Output the entries exactly as they appear. Pictures should not be included.

(Materials provided Opens)

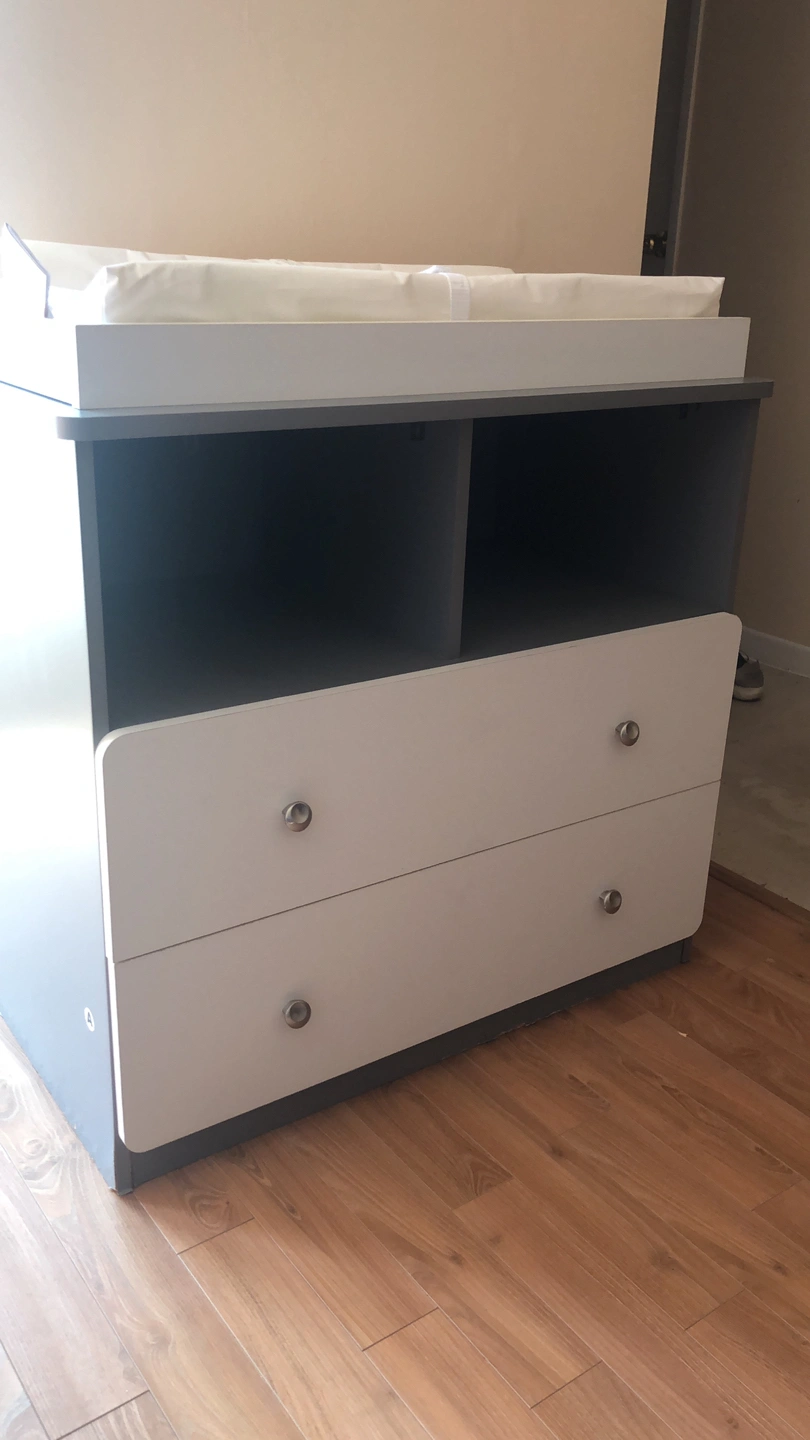 Lightly used baby change table, removable top and two drawer dresser.
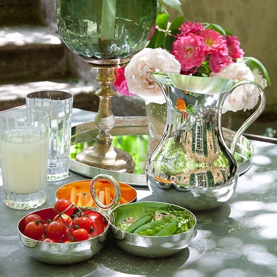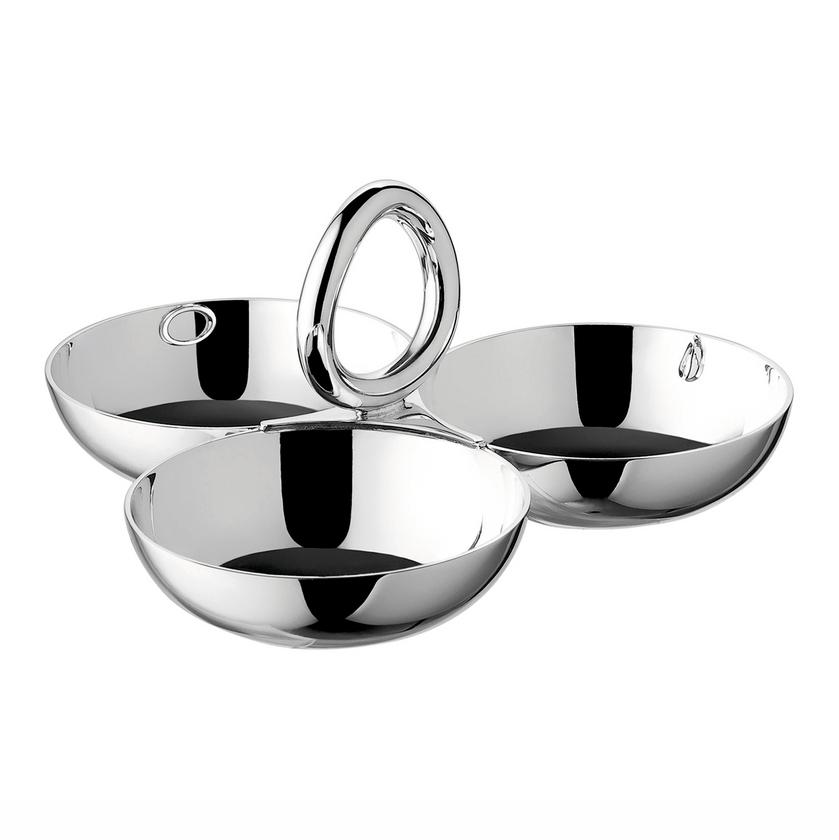Platz für dreierlei Knabbereien bieten die versilberten Schälchen aus der Serie “Vertigo” von Christofle.
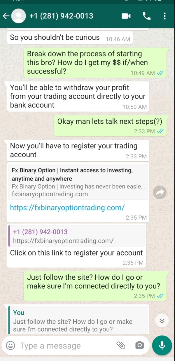 Yea, I feel very gullible, but I was really just hoping to catch a break. I was lured in via a message on Fb that lead to a conversation on Whatsapp1(281)942-0013(shouldve known but its still so terrible). I was at least a bit cautious and only committed to their supposedly smallest account"Bronze" at $500. The guy "Jones" either British or Australian because he continually uses "Mate" did a very convincing job of assuring me that I would have full control of my account.
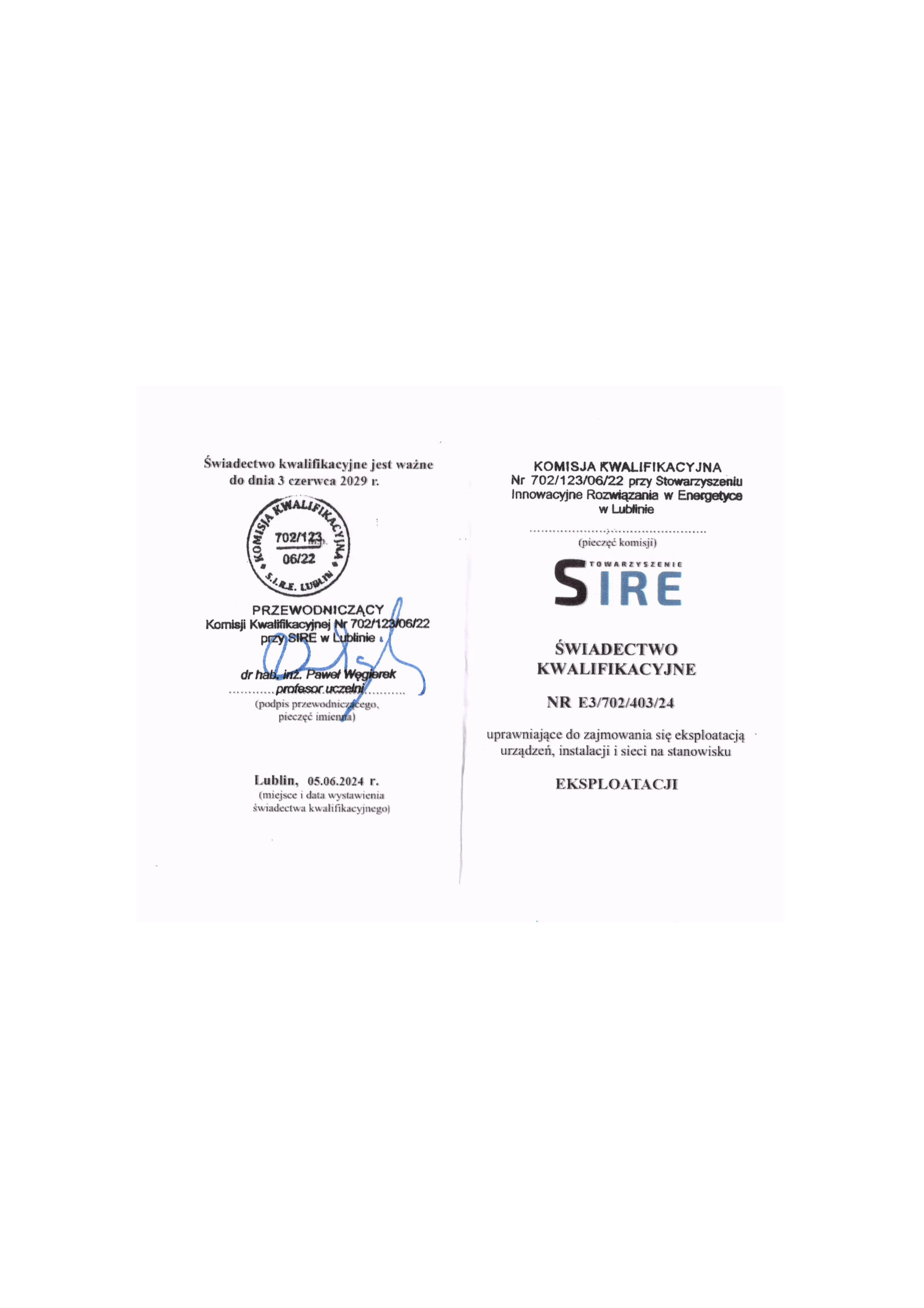 - uprawnienia energetyczne elektryczne G1E w zakresie obsługi, konserwacji, remontu lub naprawy, montażu lub demontażu urządzeń, instalacji i sieci elektroenergetycznych do 1kV;
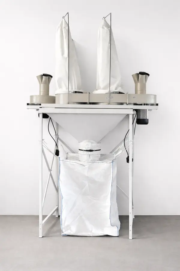 2 db külön indítású, 3,75kW-os motor, 2 db 4x100 mm átmérőjű elosztóidom, forgácsterelőidőm 1 db BIG-BAG zsákhoz (a zsák opció), 4 db felső szűrőzsák, masszív vázszerkezet keresztmerevítésekkel, aljzathoz rögzíthető talpak
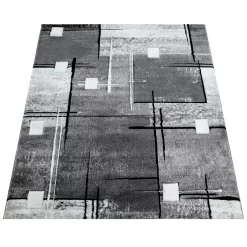 Ein Designer-Teppich, an dem Sie sich nicht satt sehen werden! In grau-schwarzer Farbgebung und wunderschöner Maserung bietet dieser Teppich einen höchst abstrakten Stil. Kunstvoll wurden hier sowohl Strichlinien in verschiedenen Farben als auch Quadrate platziert – das verleiht ihm einen besonders edlen Touch. Die Elemente erhalten durch den handgearbeiteten Konturenschnitt einen dreidimensionalen Effekt. Einfach ein perfekter Teppich, mit dem Sie sich wohlfühlen werden und der alle Gäste gut gelaunt willkommen heißt. Gefertigt ist der Teppich aus einem hochwertigen Material, dass nur Vorteile mit sich bringt: Durch den Einsatz der robusten Kunstfaser Polypropylen ist er sehr strapazierfähig und ausgesprochen pflegeleicht. Auch seine intensive Farbbrillanz bleibt auf lange Sicht erhalten – die Unbedenklichkeit rund um Schadstoffe ist zudem per STANDARD 100 by OEKO-TEX® geboten. Perfekt geeignet für Fußbodenheizungen! Einrichtungs-Tipp: Gemütliche Holzmöbel oder eine weiße, elegante Einrichtung: Dieser Teppich verträgt einfach alles. Aufgrund seines dunkelfarbigen Charakters bringen helle Accessoires den gewünschten Kontrast und damit die Komposition Ihrer Wohnlandschaft besonders schön zur Geltung.

(Materials provided Closes)

#### [Answer]
 Lightly used baby change table, removable top and two drawer dresser.
Platz für dreierlei Knabbereien bieten die versilberten Schälchen aus der Serie “Vertigo” von Christofle.
 Yea, I feel very gullible, but I was really just hoping to catch a break. I was lured in via a message on Fb that lead to a conversation on Whatsapp1(281)942-0013(shouldve known but its still so terrible). I was at least a bit cautious and only committed to their supposedly smallest account"Bronze" at $500. The guy "Jones" either British or Australian because he continually uses "Mate" did a very convincing job of assuring me that I would have full control of my account.
 - uprawnienia energetyczne elektryczne G1E w zakresie obsługi, konserwacji, remontu lub naprawy, montażu lub demontażu urządzeń, instalacji i sieci elektroenergetycznych do 1kV;
 2 db külön indítású, 3,75kW-os motor, 2 db 4x100 mm átmérőjű elosztóidom, forgácsterelőidőm 1 db BIG-BAG zsákhoz (a zsák opció), 4 db felső szűrőzsák, masszív vázszerkezet keresztmerevítésekkel, aljzathoz rögzíthető talpak
 Ein Designer-Teppich, an dem Sie sich nicht satt sehen werden! In grau-schwarzer Farbgebung und wunderschöner Maserung bietet dieser Teppich einen höchst abstrakten Stil. Kunstvoll wurden hier sowohl Strichlinien in verschiedenen Farben als auch Quadrate platziert – das verleiht ihm einen besonders edlen Touch. Die Elemente erhalten durch den handgearbeiteten Konturenschnitt einen dreidimensionalen Effekt. Einfach ein perfekter Teppich, mit dem Sie sich wohlfühlen werden und der alle Gäste gut gelaunt willkommen heißt. Gefertigt ist der Teppich aus einem hochwertigen Material, dass nur Vorteile mit sich bringt: Durch den Einsatz der robusten Kunstfaser Polypropylen ist er sehr strapazierfähig und ausgesprochen pflegeleicht. Auch seine intensive Farbbrillanz bleibt auf lange Sicht erhalten – die Unbedenklichkeit rund um Schadstoffe ist zudem per STANDARD 100 by OEKO-TEX® geboten. Perfekt geeignet für Fußbodenheizungen! Einrichtungs-Tipp: Gemütliche Holzmöbel oder eine weiße, elegante Einrichtung: Dieser Teppich verträgt einfach alles. Aufgrund seines dunkelfarbigen Charakters bringen helle Accessoires den gewünschten Kontrast und damit die Komposition Ihrer Wohnlandschaft besonders schön zur Geltung.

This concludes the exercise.